::: Dataset content :::
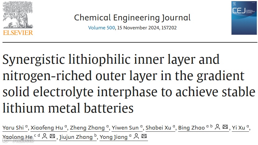 近日,上海大学蒋永研究员、赵兵研究员和何耀龙老师合作,在Chemical Engineering Journal 上发表题为“Synergistic lithiophilic inner layer and nitrogen-riched outer layer in the gradient solid electrolyte interphase to achieve stable lithium metal batteries”的研究工作。
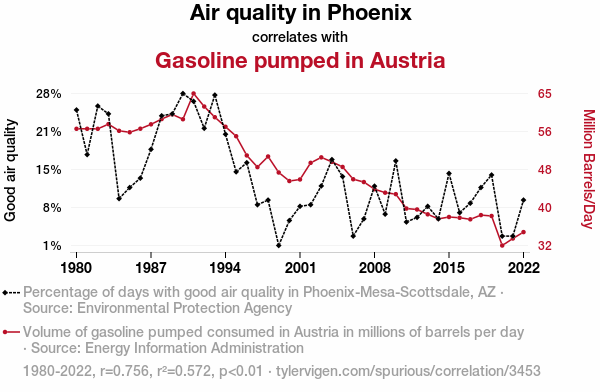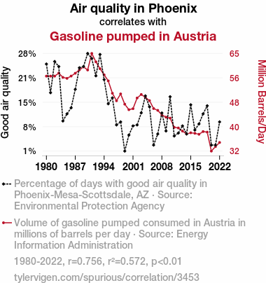 This means 57.2% of the change in the one variable (i.e., Gasoline pumped in Austria) is predictable based on the change in the other (i.e., Air quality in Phoenix) over the 43 years from 1980 through 2022.
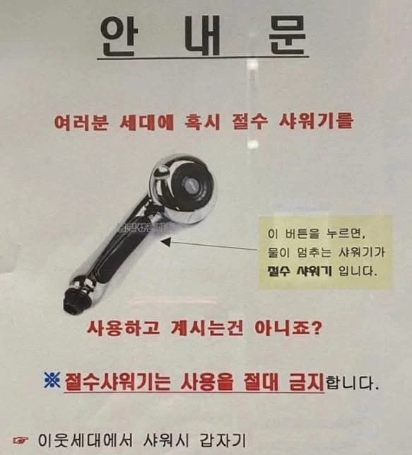 리와인드뉴스절수 샤워기 절대 쓰지 마세요!위키뉴스 기자입력북마크공유가글자크기프린트댓글 절수 샤워기 절대 쓰지 마세요! 위키뉴스 기자[email protected]카카오톡페이스북트위터밴드URL복사
:::
> [What you have to do]:
Everything in the data must be printed verbatim except the pictures.

> [Finished task]:
 近日,上海大学蒋永研究员、赵兵研究员和何耀龙老师合作,在Chemical Engineering Journal 上发表题为“Synergistic lithiophilic inner layer and nitrogen-riched outer layer in the gradient solid electrolyte interphase to achieve stable lithium metal batteries”的研究工作。
 This means 57.2% of the change in the one variable (i.e., Gasoline pumped in Austria) is predictable based on the change in the other (i.e., Air quality in Phoenix) over the 43 years from 1980 through 2022.
 리와인드뉴스절수 샤워기 절대 쓰지 마세요!위키뉴스 기자입력북마크공유가글자크기프린트댓글 절수 샤워기 절대 쓰지 마세요! 위키뉴스 기자[email protected]카카오톡페이스북트위터밴드URL복사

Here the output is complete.